Abstract: What would we be able to do if we could build cell-scale machines that sense, interact, and control their micro-environment? Can we develop a Moore’s law for machines and robots?
In Richard Feynman’s classic talk “There’s Plenty of Room at the Bottom,” he foretold of the coming revolution in the miniaturization of electronics components. This vision is largely being achieved and pushed to its ultimate limit as Moore’s Law comes to an end. In the same lecture, Feynman also points to the possibilities that would be opened by the miniaturization of machines. This vision, while far from being realized, is equally tantalizing. For example, even achieving miniaturization to micron length scales would open the door to machines that can interface with biological organisms through biochemical interactions, as well as machines that self-organize into superstructures with mechanical, optical, and wetting properties that can be altered in real time. If these machines can be interfaced with electronics, then at the tens of microns scale alone, semiconductor devices would be small enough that we could put the computational power of the spaceship Voyager into a machine that could be injected into the body. Such robots could have onboard detectors, power sources, and processors that enable them to make decisions based on their local environment, allowing them to be completely untethered from the outside world.
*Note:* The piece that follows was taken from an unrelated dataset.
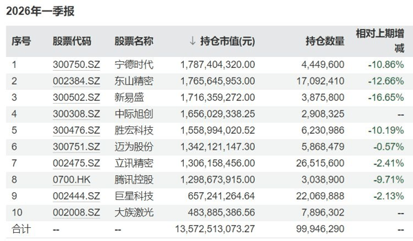 今日,睿远基金旗下产品披露了2026年一季报,记者注意到,傅鹏博管理的睿远成长价值,在一季度减持了 新易盛 、 东山精密 、 胜宏科技 等多只CPO板块个股,不过 中际旭创 进入前十大,持仓大方向依然围绕 PCB 、芯片和光 通信 。

In this talk, I will describe the work our collaboration is doing to develop a new platform for the construction of micron-sized origami machines that change shape in fractions of a second in response to environmental stimuli. The enabling technologies behind our machines are graphene-glass and graphene-platinum bimorphs. These ultrathin bimorphs bend to micron radii of curvature in response to small strain differentials. By patterning thick rigid panels on top of bimorphs, we localize bending to the unpatterned regions to produce folds. Using panels and bimorphs, we can scale down existing origami patterns to produce a wide range of machines. These machines can sense their environments, respond, and perform useful functions on time and length scales comparable with those of microscale biological organisms. With the incorporation of electronic, photonic, and chemical payloads, these basic elements will become a powerful platform for robotics at the micron scale. I will close by offering a few forward-looking proposals for using these machines as basic programmable elements for the assembly of multifunctional materials and surfaces with tunable mechanical, optical, and hydrophilic properties.